IEEE Santa Clara Valley Chapter
November 19, 2020
Thursday November 19, 2020, 6:00-8:00PM
Title: “Low-Spur PLL Architectures and Techniques”, Prof. Mike Chen, USC
Location: Virtual Seminar Online, This talk was previously given as a tutorial at the IEEE CICC 2020 Conference.
Registration Link: (Register here)
Date & Time: Thursday November 19, 2020, 6:00-8:00PM
This talk was previously given as a tutorial at the IEEE CICC 2020 Conference.
Location: Virtual Seminar Online
The Online link will be sent to you prior to the seminar.

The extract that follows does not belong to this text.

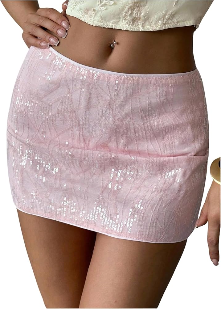تنورة قصيرة نسائية من SweatyRocks مُزينة بالترتر وخصر منخفض ولامعة ولامعة وتنانير حفلات ضيقة
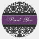 Hochzeit Dankeschön Umschlag Aufkleber Aufkleber in eleganter Aubergine dunkel lila, grau und weiß klassische Blumenstaub Vintage Muster, delikat und hübsch.

Registration Link (Required) :
https://scv-sscs-nov.eventbrite.com
Registration Fee: FREE, Donation Requested
IEEE SSCS/CAS members: FREE
IEEE members – $2 donation
Non-members – $5 donation
Abstract:
One key design objective of a frequency synthesizer is to minimize the spurious tones, as they can degrade the overall jitter performance or cause other unwanted system-level impairments. In this tutorial, we will examine the sources of the spurious tone generation in different PLL architectures and operation modes. We will overview several design techniques to mitigate the spurious tones. Lastly, we will go over several real PLL design examples that demonstrate low-spur performances.
Bio:
Mike Shuo-Wei Chen received the B.S. degree from National Taiwan University, Taipei, Taiwan, in 1998 and the M.S. and Ph.D. degrees from University of California, Berkeley, in 2002 and 2006, all in electrical engineering. He is an associate professor in Electrical Engineering Department at University of Southern California (USC) and holds the Colleen and Roberto Padovani Early Career Chair position.
As a graduate student, he proposed and demonstrated the asynchronous SAR ADC architecture, which has been adopted in industry today for low-power high-speed analog-to-digital conversion products. After joining USC in 2011, he leads an analog mixed-signal circuit group, focusing on high-speed low-power data converters, frequency synthesizers, RF/mm-wave transceiver designs, analog circuit design automation, bio-inspired computing, non-uniformly sampled circuits and systems. From 2006 to 2010, he worked on mixed-signal and RF circuits for various wireless communication products at Atheros Communications (now Qualcomm).
Dr. Chen was the recipient of Qualcomm Faculty Award in 2019, NSF Faculty Early Career Development (CAREER) Award, DARPA Young Faculty Award (YFA) both in 2014, Analog Devices Outstanding Student Award for recognition in IC design in 2006 and UC Regents’ Fellowship at Berkeley in 2000. He also achieved an honorable mention in the Asian Pacific Mathematics Olympiad, 1994. Dr. Chen has been serving as an associate editor of the IEEE Solid-State Circuits Letters (SSC-L), IEEE Transactions on Circuits and Systems II: Express Briefs (TCAS-II), as well as a TPC member in IEEE Solid-State Circuits Society conferences, notably the IEEE International Solid-State Circuits Conference (ISSCC), IEEE Symposium on VLSI Circuits, and IEEE Custom Integrated Circuits Conference (CICC).